In the meantime Winslow’s people at New Plymouth moved more quickly. With them fresh beaver territory was always a pressing necessity. Their very survival as a colony depended on their fur exports. They also sensed profit in taking sides with the Mohegans. Whereas the Massachusetts men cautiously avoided any complicating alliances with the Connecticut valley Indians, the Pilgrims in their desperate anxiety for pelts were quite willing, as usual, to involve themselves in inter-tribal disputes. In this case it led to most unhappy results for the traders, the farmers, and their families. Some have claimed that it was the genesis of the fierce war between the Pequots and the white men that exploded a few years later.

In any event, by early September of 1633 Captain William Holmes of New Plymouth, carrying a prefabricated house frame in “a great new bark,” was on his way up the Connecticut River. Undaunted by the Dutch fort and the Hollanders, who “threatened [him] hard, yet ... shot not,” Captain Holmes sailed past Fort Good Hope and erected his house above it at Windsor. There his people established a trading post that prospered at once on upriver furs at the expense of the Dutch traders below them. Strongly palisading this post, Holmes and his company then stood firm against a force of seventy Hollanders who were sent from New Amsterdam to eject them.

The Pilgrim coup was short-lived however. Competition from Boston had even more to do with this than Indian troubles, for in another three years a wholesale exodus from Massachusetts to the Connecticut was under way, over 800 people already having moved west to the fruitful valley. In the forefront of this migration were the fur traders, but farmers followed them to found Wethersfield and other towns. Invading Windsor, they swallowed up the small band of their Pilgrim brethren there.

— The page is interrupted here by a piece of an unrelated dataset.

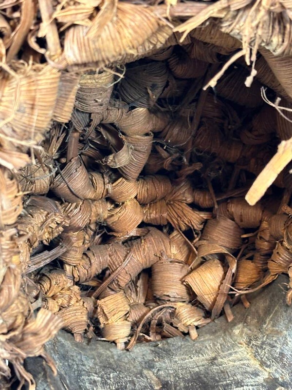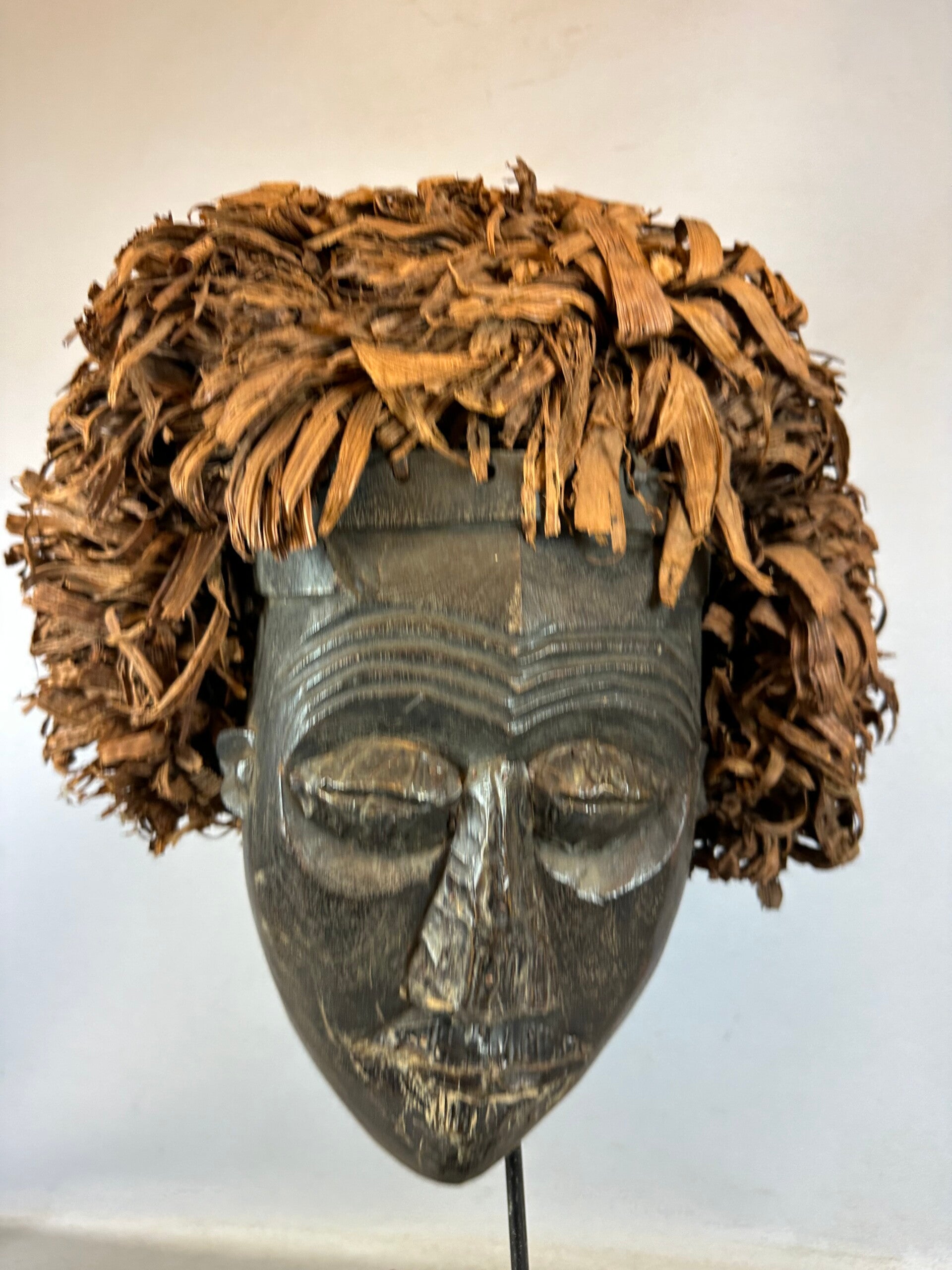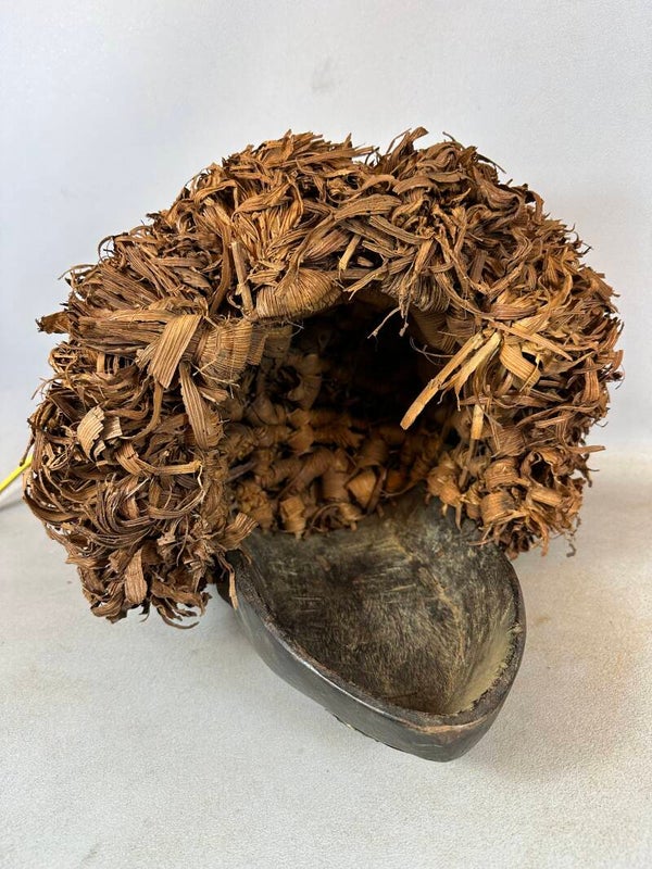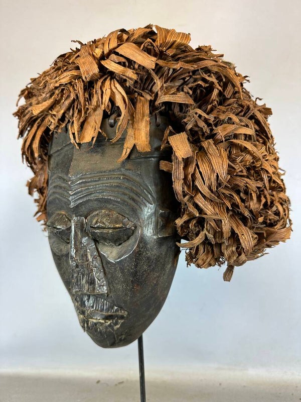 Wood reinforced with copper plate at the nose, eyes and mouth. Monumental headdress made of vegetable fibers. Very beautiful specimen.

The Puritans completely surrounded the isolated Dutch trading post at Hartford. But, although the New Englanders on the Connecticut at this time outnumbered the population of all New Netherland, they made no attempt to oust the garrison of Hollanders in their midst. Some twenty men, sent out by the younger Winthrop from Boston, did however take possession of the Dutch claims about the mouth of the Connecticut. There they tore down the arms of the States General which had been affixed to a tree and contemptuously engraved “a ridiculous face in their place.” When a Dutch sloop came from New Amsterdam to dislodge them, it was compelled to withdraw in the face of two cannon threateningly mounted ashore. The Boston men then went about constructing fortifications and buildings which they called Fort Saybrook.

After that the English had control of the river and, as they thought, easy access also to the beaver trade “of that so pleasant and commodious country of Erocoise before us.”

One Puritan merchant, William Pynchon, who was to found a great fortune in the Indian trade, now spearheaded the economic attack on New Netherland’s northern flank. Because of his relentless search for fur he did more than any other man to defeat the Dutch traders and to expand the frontiers of Massachusetts.

William Pynchon was one of the original company of twenty-seven grantees of Massachusetts. For their concession these adventurers were committed to pay the crown one-fifth of all the gold and silver ore found within the limits of the grant. Pynchon, however, wasn’t interested in ore. He was of a more practical bent of mind. He traded with the Indians near Boston from the start, supplying them with guns and ammunition in exchange for their beaver.

Although this trade in guns was carried on with the court’s approval, Pynchon was severely criticized for doing it, fined in fact. Annoyed about this, dissatisfied anyway with the dwindling fur trade about the bay, and not being particularly in sympathy with the rigid Calvinism of the church he had helped to found there, Pynchon’s eyes turned westward.

This keen-minded, resolute man was probably one of John Oldham’s financial backers when that extraordinary adventurer pioneered the Connecticut Path. Pynchon himself made a trip up the Connecticut River by shallop in 1635 and chose a location for a trading post near the Indian village of Agawam. Somewhat above the other river towns which were being laid out, this strategic site was relied upon to intercept most of the Indian trade from the north and west.

Early in 1636 Pynchon with his son-in-law, Henry Smith, led a group of traders overland to Agawam. They shipped their goods by water. For 18 fathoms of wampum, and 18 each of coats, hatchets, hoes and knives, with “two extra coats thrown in for good measure,” land was purchased from the Indians, and a trading settlement was established. It wasn’t too long before every one was calling this trading post Springfield, in honor of its founder’s home town in England.